Гетман остался один и погрузился в невеселые думы. Да, теперь всего можно ждать от доли! Не коршуны, но и горлинки станут клевать! А давно ли было, — весь Киев его встречал восторженно с хоругвями, с крестами, народ ползал перед ним на коленях и называл его спасителем отчизны... А теперь он готов проклясть своего батька, и проклянет, проклянет!
— Но что ж я учинил? — воскликнул громко Богдан.
«Что? А то, — казнил себя беспощадно гетман, — что тешил ты больше гордыню свою, чем о меньшей братии заботился, — оттого-то и отступился от тебя бог, а за ним и народ. Да... — простонал он тоскливо, — праведен суд твой, господи, но пусть падет на меня лишь гнев твой святой! Только бы скорее! Ждать с минуты на минуту удара и не ведать, откуда грянет беда, — о, это невыносимо!»
Гетман пригнулся с тоскою, словно увидя занесенный над ним сверкающий меч; но в белесоватой мгле никого не было видно и кругом стояла все еще мертвая тишина. «Что это? — подумал он. — Уж рассвет, а я точно на кладбище... Умерли все или разбежались и бросили своего гетмана одного разделываться с ляхом».
— Гей, кто там? Джура! — крикнул, привставши с колоды, Богдан.
Никто не отозвался; но издали послышался в ответ на призыв гетмана глухой рокот грома. Гетман остолбенел и прислушался. Раскат повторился снова, и от него задрожала под ногами земля.
— Что это? — прошептал гетман в тревоге. — Мгла и гроза! Или необычайное что-то творится в природе, или это гром ворожьих гармат? И все спят! Гей, гайдуки! — вскрикнул он и выстрелил из пистолета.
Все всполошились и засуетились кругом; в тумане замелькали двигающиеся тени; поднялся тревожный гомон и шум.
— Где, где ясновельможный? — послышался невдалеке крик джуры.
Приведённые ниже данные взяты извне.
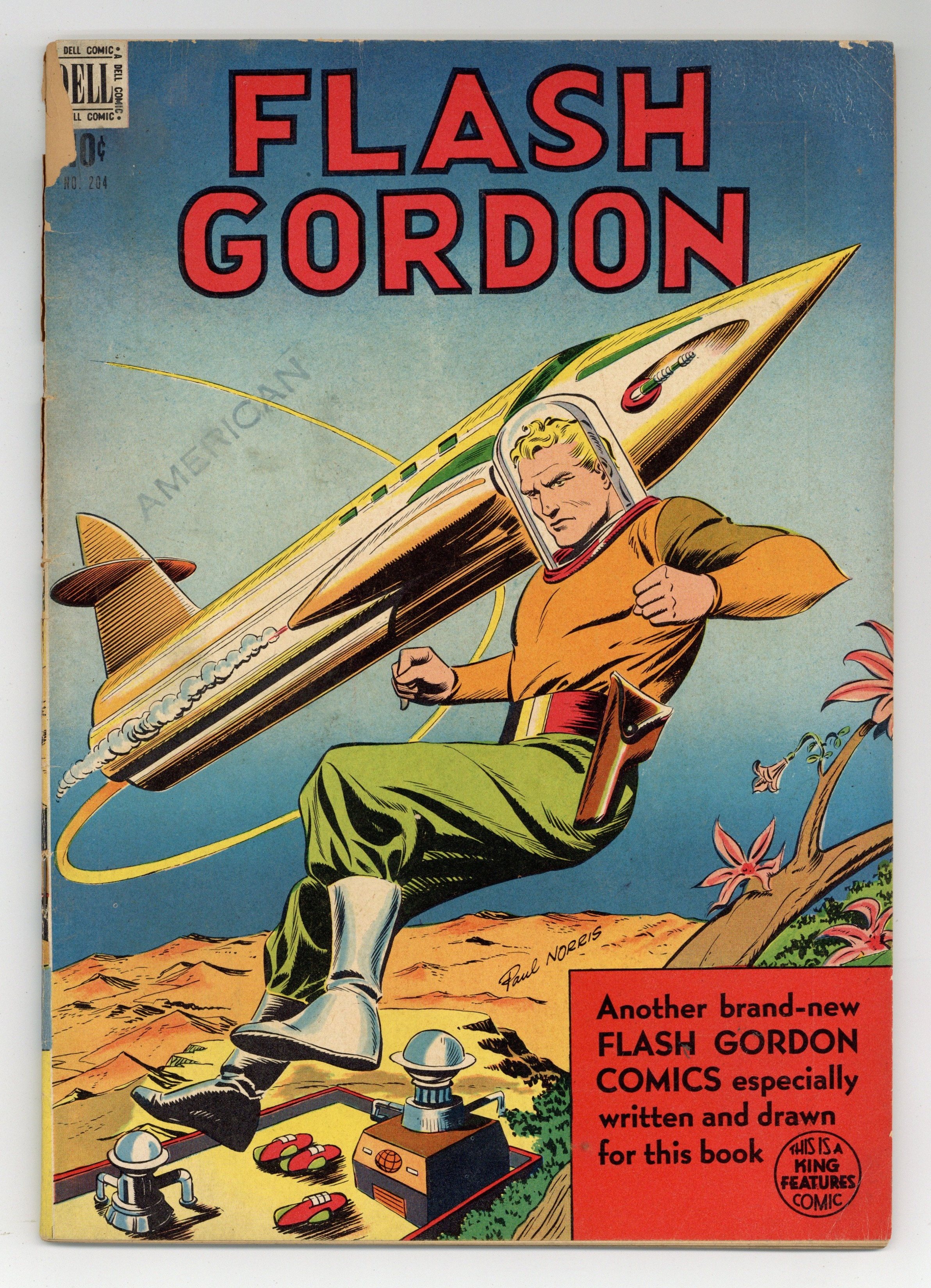 Indicia title is "FLASH GORDON, No. 204." Cover art by Paul Norris. Flash Gordon Cut-Out Jet-Car activity page. Adventure on Orano, script and art by Paul Norris; Two modified V-2 missiles take off from Earth, one crash-lands on Mongo, the other on the planet Orano; Flash finds the ship that crashed on Mongo has an American crew; The other ship is a mystery; Flash and the Americans go to Orano to investigate, but are captured by the forces of Orano's cruel ruler, Torro, the Terrible. Orano Fly Model Space-Ship activity page. Fight at Space Port back cover art by Paul Norris. 52 pages, full color. Cover price $0.10.

— Здесь! Что там? — отозвался Богдан.
— Гонец, ясновельможный, — заговорил молодой хлопец дрожащим, взволнованным голосом, — ляхи перешли Стырь. Ярема ударил всеми силами на наш осередок.
— Коня мне! До зброи! — зычно скомандовал гетман и бросился было бодро к палатке, но в это время раздался быстро приближающийся топот коней и кто-то заревел у палатки:
— Где гетман? Богдан узнал голос Кривоноса и остолбенел. Из тумана выплыла перед ним грозная фигура.